What we want to do is that we have a very wide category in watches, jewelries, in accessories, in leather goods, and we have entry price products for those who have the dollars. We have a wide collection of products and our goal is satisfy the expectations of our clients. We target giving super quality products; that is our goal.
Obayuwana, given Nigeria’s rebased economy, what is your projection for the Nigerian luxury goods market in the next five years
JO: We expect it to grow stronger and stronger. We have faith the Nigerian economy; we have very strong faith in the Nigerian enterprise and we are very sure that if we measure government policies at the macro level, privatisation, investment in the agricultural sector.
We believe that the growth of our economy can even be stronger, and when that happens, we will have more of our citizens joining the middle-class and that opens up businesses.
While projections in terms of actual figures are difficult to ascertain, I just believe that the prognosis are very strong. The potentials can only get stronger and stronger. Other sub-sectors are also showing positive signs.

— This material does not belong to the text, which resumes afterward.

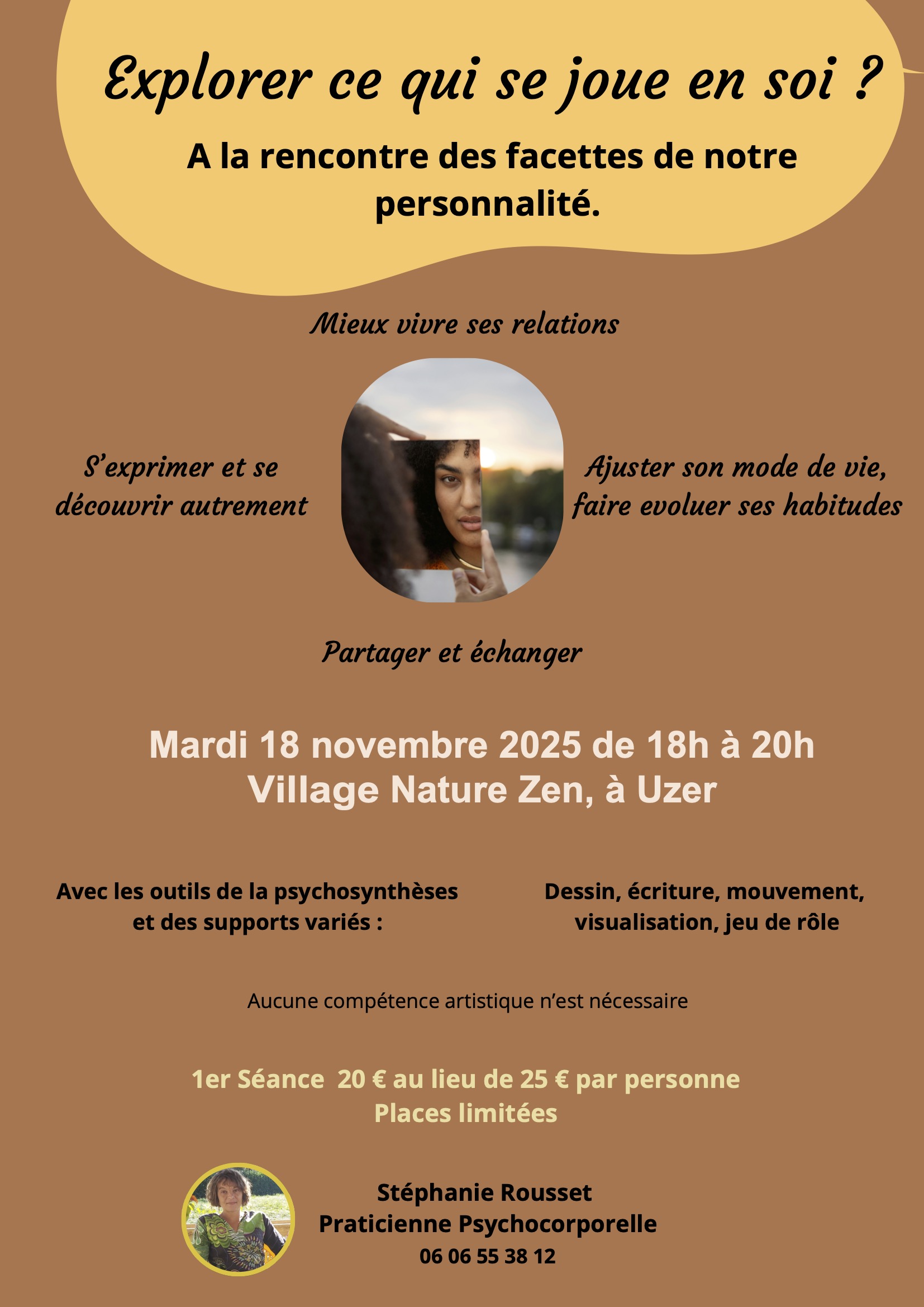 sur place au Village Nature Zen ou au +33 (0)4 75 89 29 21

Patti, earlier at the press conference, you mentioned your experience in emerging markets. How will your experience in other emerging markets help your work here in Nigeria
AP: Very good question. Our goal here (in Nigeria) is to implement the correct business model, at the correct time. This is because if you open too early a retail network, but on one side the rising middle class is not ready yet, but there are just a few hundreds of very rich people, your business model will fail because you have structured to make volumes but the clients cannot still afford your products. This is just what we think but it applies to other luxury brands, the way they structure important investment in retail but they failed because there not enough clients.
Our main task here is to size up the real dimension of the potential (of the Nigerian market) this year, in three years, in five years, in 10 years. Then we’ll be ready with the correct network, the correct business model. How to avoid a non-profitable investment, that is the biggest challenge we have.
We have a success story in China. We entered before anyone else in 1992, and we started opening stores in major cities, and while the middle class was rising we were opening stores in minor cities in order to sustain an organic growth.
Let me give you another example: Without mentioning any name or country, there was this global brand that said, ‘There is a huge potential in the country, so let’s set up in this country with our name, our products, we are absolutely welcome worldwide, this country will soon accept our products…’ They failed.
The local clients in Nigeria, they don’t know Cartier, but they know Polo. So, you need a very strategic, well-known and well-respected partner. So to succeed in a new market you need a good partner that is spreading out the message; we cannot do without it, we need a good partner.
For example, there are other strong economies in Africa but we don’t have the right partner there. So, we are not able to make a long term ambition there. Much of the time what you have are dealers who come to you and say, ‘Give me the products, I’ll double the profits in two years.’
In brief, the answer to your question is, we need to set up the correct business model according to the potential of the market and open big stores that will satisfy the needs of our clients. Also our desire is to set up a long term business with a very strong local retail partner that is strong in the area of service, knowledge, finance.
So, there is need to be careful going into an emerging market because many times, global brands want to go into an emerging market and they want to do what I call, the big offer.